A skill is a directory containing instructions that extend an AI agent's capabilities with specialized knowledge, workflows, or tool integrations. Skills activate automatically when agents detect relevant tasks.
A skill requires at minimum a SKILL.md file:
skill-name/
├── SKILL.md # Required - main instructions
├── references/ # Optional - detailed documentation
│ ├── topic-a.md
│ └── topic-b.md
├── scripts/ # Optional - executable helpers
│ └── validate.sh
├── templates/ # Optional - config/code templates
│ └── config.yaml
└── assets/ # Optional - static resources (images, schemas, data files)
---
name: skill-name
description: >
A clear description of what this skill does and when to use it.
Include trigger conditions: (1) first condition, (2) second condition.
license: MIT
compatibility: Works with Claude Code and similar AI coding assistants.
metadata:
author: your-org
version: "1.0.0"
allowed-tools: Read Write Edit Glob Grep
---
| Field | Required | Description |
|-------|----------|-------------|
| name | Yes | Lowercase, hyphens only. Must match directory name. Max 64 chars. |
| description | Yes | What the skill does and when to use it. Max 1024 chars. |
| license | No | License name (e.g., MIT, Apache-2.0). |
| compatibility | No | Environment requirements. Max 500 chars. |
| metadata | No | Key-value pairs for author, version, etc. |
| allowed-tools | No | Space-delimited list of pre-approved tools. Do not include Bash(curl:*). |
--)Good: apollo-client, graphql-schema, rover
Bad: Apollo-Client, -apollo, apollo--client
Write descriptions that help agents identify when to activate the skill:
# Good - specific triggers and use cases
description: >
Guide for designing GraphQL schemas following industry best practices. Use this skill when:
(1) designing a new GraphQL schema or API,
(2) reviewing existing schema for improvements,
(3) deciding on type structures or nullability,
(4) implementing pagination or error patterns.

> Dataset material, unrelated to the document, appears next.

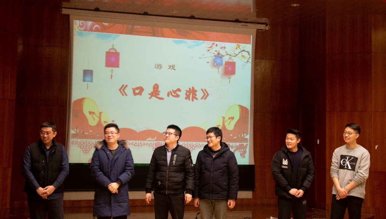 本次联欢会在宋杰老师独唱的歌曲《我爱你中国》正式开始,2019是伟大祖国诞辰70周年,欲以这首歌表达我们心中对于祖国母亲崇高赞美和无比热爱。老师们为这次联欢会做了精心的准备,表演形式丰富多样,节目内容精彩纷呈。岳东院长独唱了《当你老了》、谭彩铭老师演唱了《你的眼神》,歌声优美而抒情,现场顷刻间充溢着温馨和柔情。除了歌曲以外,语言类节目也是技惊四座,由先进院老师给大家带来的脱口秀,讲述了老师们在从事科研事业、工作闲暇、家庭生活、健康养生的奇闻趣事,引起了大家的共鸣,一时间多功能厅掌声不断;此外实验中心的四位老师也呈上了精彩表演——三句半《都挺好》,通过幽默诙谐的方式描绘了2019年轮盘在线 、人工智能学院取得的瞩目成绩,这些成绩都离不开每一个奋斗的自动化人。岳东院长除了歌唱以外,一篇《致橡树》的深情朗诵,更是情意深远,涤荡心灵,收获了无数掌声。姚金明老师的舞蹈《两个人》更是现场的气氛推向了高潮,振奋的旋律,曼妙的舞姿,场下掌声连绵而不绝。除了精彩的节目,同样也少不了紧张的游戏环节,老师们积极参与进来,配合默契,也赢得了满堂的喝彩。最后,联欢会在秦培宇老师动感街舞表演中圆满落幕。

# Bad - vague and unhelpful
description: Helps with GraphQL stuff.
The markdown body contains instructions the agent follows. Structure it for clarity:
# Skill Title
Brief overview of what this skill helps with.
## Process
Follow this process when working on [task]:
- [ ] Step 1: Research and understand requirements
- [ ] Step 2: Implement the solution
- [ ] Step 3: Validate the result
## Quick Reference
### Common Pattern
\`\`\`graphql
type Example {
id: ID!
name: String
}
\`\`\`
## Security
> **Risk: [brief description of what can go wrong].**
> [What the user MUST do to prevent it.]
- ALWAYS [secure default behavior]
- NEVER [dangerous configuration] in production
## Reference Files
- [Topic A](references/topic-a.md) - Detailed guide for topic A
- [Topic B](references/topic-b.md) - Detailed guide for topic B
## Key Rules
### Category One
- Rule about this category
- Another rule
### Category Two
- Rule about this category
## Ground Rules
- ALWAYS do this important thing
- NEVER do this problematic thing
- PREFER this approach over that approach
When a skill generates configuration, code, or guidance that could cause security issues if misused, the skill MUST make those risks explicit and visible to the LLM. An LLM cannot infer security implications from context alone — it needs clearly labeled signals.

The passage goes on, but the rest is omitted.